Today, God help us, we start another political convention week. This thought by Seth Godin came over the transom just now. It's a nice antidote to the comments of a Facebook poster I encountered last night, who explained that the reason she attacked others like a crazed fishwife for questioning her premises was because one of them had been rude to her, so the only thing for it was to be worse in return.
What have we become (and what are we becoming?)
Every day, we change. We move (slowly) toward the person we'll end up being.
Not just us, but our organizations. Our political systems. Our culture.
Are you more generous than the you of five or ten years ago? More confident? More willing to explore?
Have you become more brittle? Selfish? Afraid?
Grumpy and bitter isn't a place we begin. It's a place we end up.

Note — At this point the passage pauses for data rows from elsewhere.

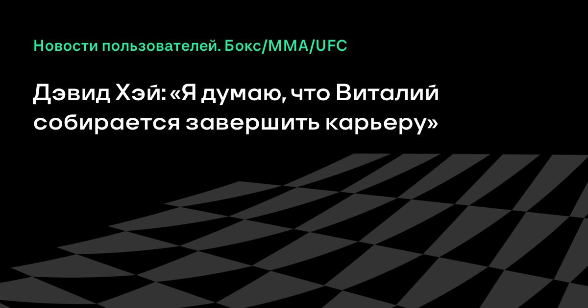 Дэвид Хэй: «Я думаю, что Виталий собирается завершить карьеру»
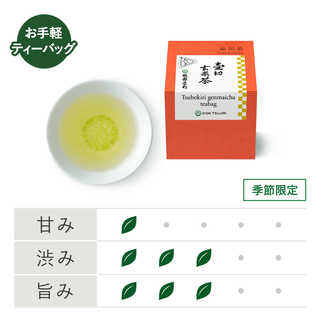 じっくりと熟成された壷切茶に、炒り玄米の香ばしさが絶妙に調和した「壷切玄米茶(つぼきりげんまいちゃ)」を、お手軽にお楽しみ頂けるティーバッグに仕上げました。口に含むと広がる”まろやかなうま味”の後には、煎茶らしいほのかな渋みと、あっさりとした玄米の味わいが追いかけてくるでしょう。さっぱりとした口当たりは、秋の味覚を楽しんだ後のお口直しにもちょうど良い一杯。
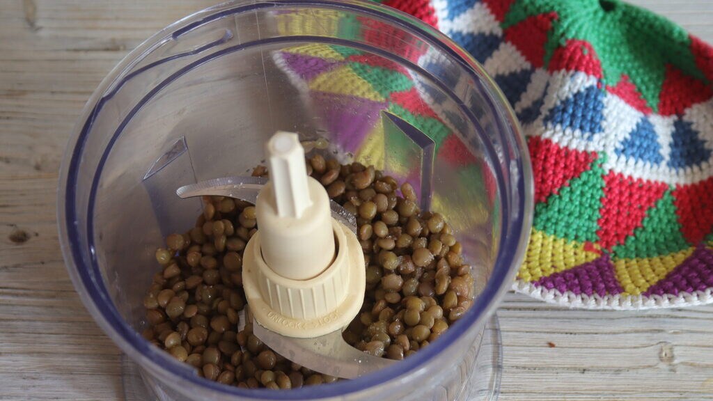 Je mets les lentilles dans le hachoir avec l’ail écrasé, les arachides et les tomates séchées.
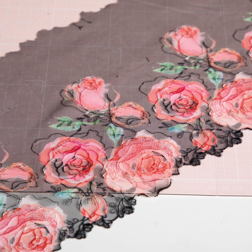 This embroidered tulle is truly one-of-a-kind and designed exclusively for Madalynne -stunning rose printed and rose embroidered tulle. This custom lace has a black tulle base with soft, painterly digital rose design printed on top and accented with dimensional embroidery for added depth and texture. A subtle shimmer is woven throughout, giving a luxe finish.
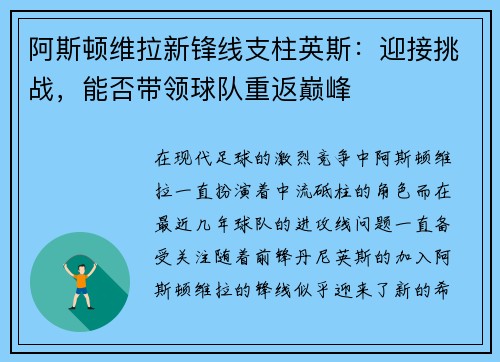 阿斯顿维拉(Aston Villa)是英格兰足球历史上备受瞩目的俱乐部之一,拥有着辉煌的过去和丰富的足球文化。近年来,阿斯顿维拉逐渐恢复了其在英超中的竞争力,吸引了球迷们的关注和热情。本文将通过对阿斯顿维拉的精彩赛事分析和球员表现的深度剖析,带领大家回顾这支球队的精彩表现和成长轨迹。我们将从多个角度...
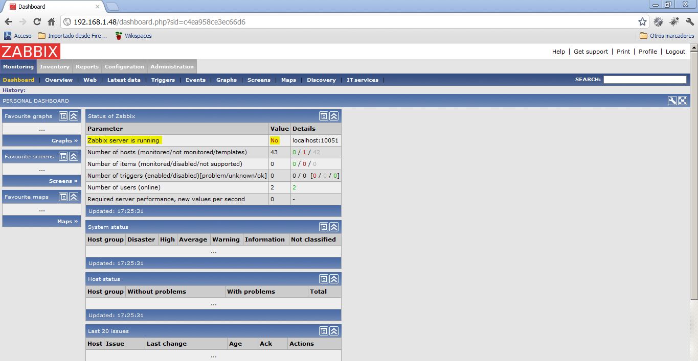 Una vez hemos agregado los agentes a los servidores, podremos controlar su funcionamiento desde el front-end de zabbix. Para ello primero debemos activar la monitorización del servidor Zabbix.
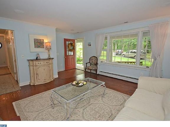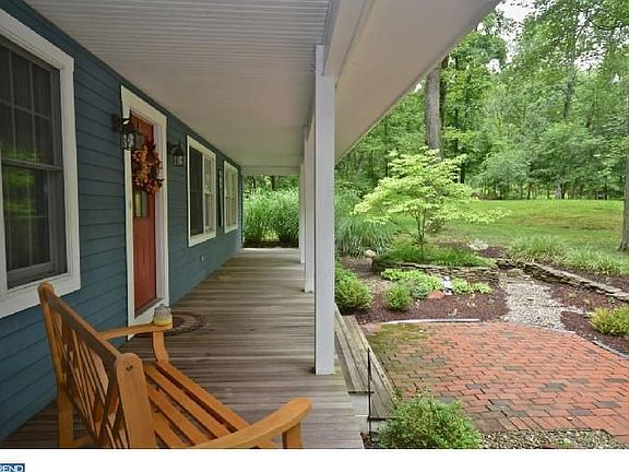 A little peace of heaven tucked away on one of the prettiest roads in Hopewell Valley. A wide front porch invites you into the living room of this home. Step futher into the kitchen /great room with built ins, stone fireplace, vaulted cieling, a wall of windows and sliders allowing nature to peek in. Multi level deck, with hot tub overlooks babbling brook and 2+ wooded acres. Master suite with private bath, plenty of closets. Two more bedrooms, family bath, hardwood floors, central air, laundry room and private office space complete the living area of this custom built home.
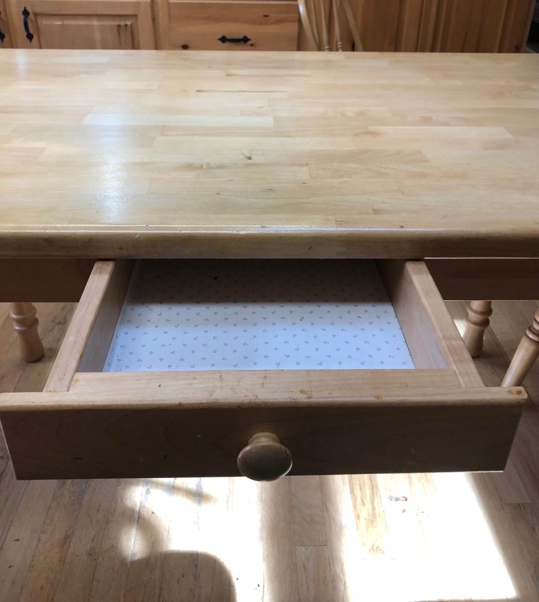 Table measures 48W x 30D x 29H and has one drawer on the side. Chairs measure 17W x 17D x 33H.

Do we intentionally choose the optimistic path? Are we eagerly more open to change and possibility?
Every day we make the hard decisions that build a culture, an organization, a life.
Since yesterday, since last week, since you were twelve, have you been making deposits or withdrawals from the circles of supporters around you?
People don't become selfish, hateful and afraid all at once. They do it gradually.
When we see the dystopian worlds depicted in movies and books, are we closer to those outcomes than a generation ago? Do we find ourselves taking actions that make our conversations more considered, our arguments more informed, our engagements more civil? Or precisely the opposite, because it's easier?
Your brand, your company, your community: it has so much, is it still playing the short game?
When your great-grandfather arrives by time machine, what will you show him? What have you built, what are you building? When your great-grandchildren remember the choices we made, at a moment when we actually had a choice, what will they remember?
We are always becoming, and we can always make the choice to start becoming something else, if we care.